Quiero encontrar las palabras, tenerlas. Es el mejor recuerdo que podría pedir. Mi viaje no ha terminado, no. Voy frente al árbol de nuevo, me arropo. A los cinco minutos estoy alucinando muchísimo más que antes. Ante la oscuridad se proyecta una luz frente a mí, siento que es un camino hacia el árbol, que está iluminado y moviéndose de nuevo. No puedo pararme, pero me veo saliendo de mi cuerpo y siguiendo el camino, espero seguir amarrado a la soga. Al llegar al árbol entro al cuarto oscuro de mi memoria, quito las capas. Allí consigo las palabras, no todas, pero suficientes; las repito, las repito, las repito. Ya no las olvidaré. El trabajo terminó.

Siento de nuevo mi cuerpo sentado sobre la grama, pierdo el control y caigo acostado. Me retuerzo en el piso de placer, como si tuviera diez orgasmos al mismo tiempo. Aún estoy conectado con el árbol, yo mismo soy un árbol. Escucho las hormigas caminando sobre la grama a veinte metros. Otra vez mi cuerpo no es mi cuerpo, es algo más. Estoy con esa sensación de éxtasis por casi dos horas.

Luego sé que mis manos ya son mis manos, y entiendo que el efecto de la ayahuasca está perdiendo fuerza. Me doy cuenta de que puedo pararme y caminar, minutos antes siento que soy una planta cuyas ramas se extienden hasta el infinito. Intento ir hacia la fogata, pero hay mucha gente allí. Decido acercarme al otro lado, hacia la casa. En el camino me encuentro a Simón, es la primera vez que comparto con él, de hecho, creo que no nos caíamos bien, pero nos abrazamos, nos queremos; ninguno de los dos puede hablar. Siento como si litros de morfina estuviesen corriendo por mi torrente sanguíneo. Sergio también está cerca, con el poncho blanco parece el fantasma de un chamán, un chamancito. Luego nos diría que de las múltiples veces que ha tomado ayahuasca, esta fue la mejor, con Indios y Pam. Yo sigo feliz. Ya todos andan por ahí, despertando, despiertos. Han pasado casi ocho horas.

Decido no entrar a la casa. Me acerco a Martha y me acuesto a su lado. Qué ladilla que esta vaina te tranca el estómago, quiero tirarme un peo y no puedo, le digo. Balbucea algo ininteligible y me doy cuenta de que aún está en su viaje. No digo más nada y me quedo un rato a su lado. Aún escucho a las hormigas en surround.

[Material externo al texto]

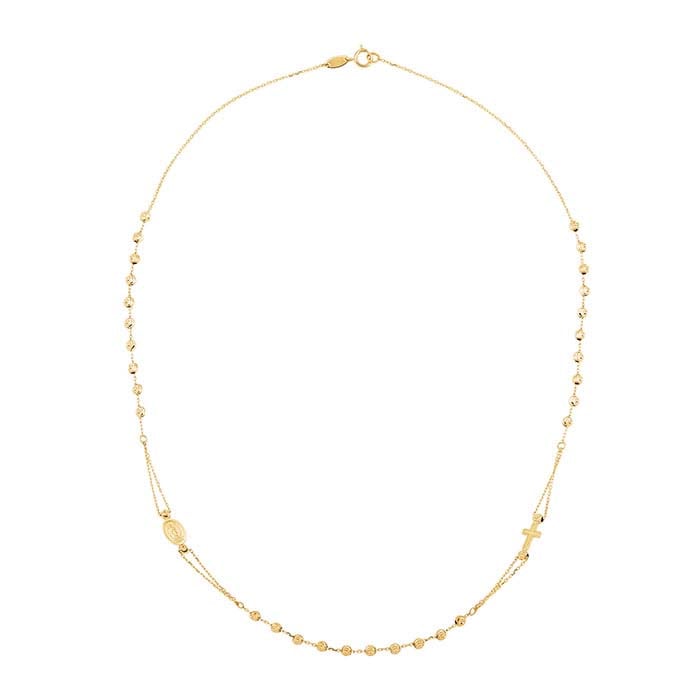 14K Keltakultainen Ruusukeripusketju Ristillä ja Marian Medallionilla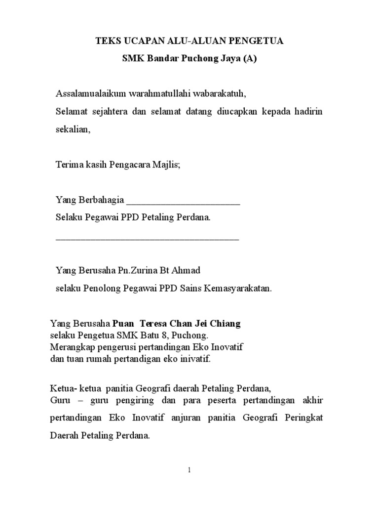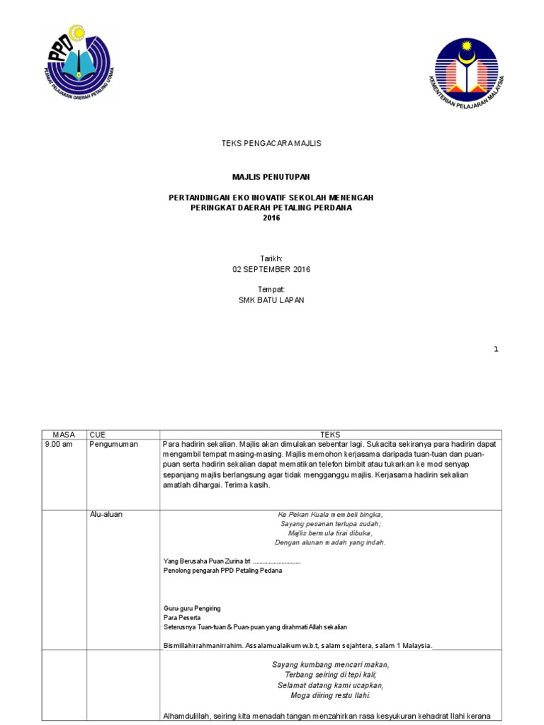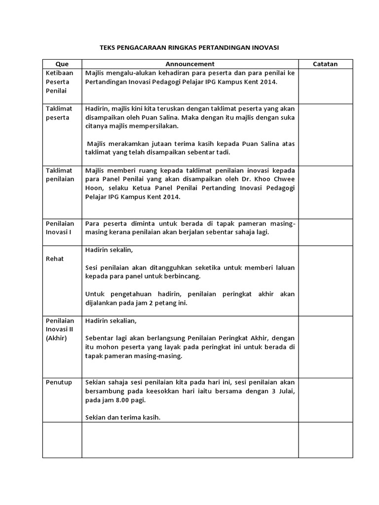 Teks pengacara majlis pertandingan inovasi. Majlis dengan sukacitanya memaklumkan bahawa sjk telah dipilih sebagai johan keseluruhan pertandingan syarahan dan ujian bertulis bahasa malaysia kumpulan kerjasama bagi tahun 2017. Contoh teks ucapan pengacara majlis majlis mengumumkan ketibaaan yang berbahagia prof. Pertandingan nyanyian lagu asli. Teks pengacara majlis pidatomembawakan dari auditorium seri perdana pertandingan pidato peringkat daerah jasin melaka bandaraya bersejarah asalamualamualikum.

Después me levanto junto con Martha y veo a Alexey, Simón y Sergio. Nos acercamos. Son como las dos de la mañana. Comenzamos a hablar de la experiencia para cada uno, todas muy diferentes pero muy personales. Siento las náuseas de nuevo. Creo que vomito más de diez veces en menos de una hora. Me alejo a algún árbol, vuelvo, sigo hablando y me alejo de nuevo a vomitar. No me importa. Sólo que si hubiese sabido que igual iba a estar mal del estómago, me hubiese metido par de empanadas en la arepera camino a Puerto Ordaz.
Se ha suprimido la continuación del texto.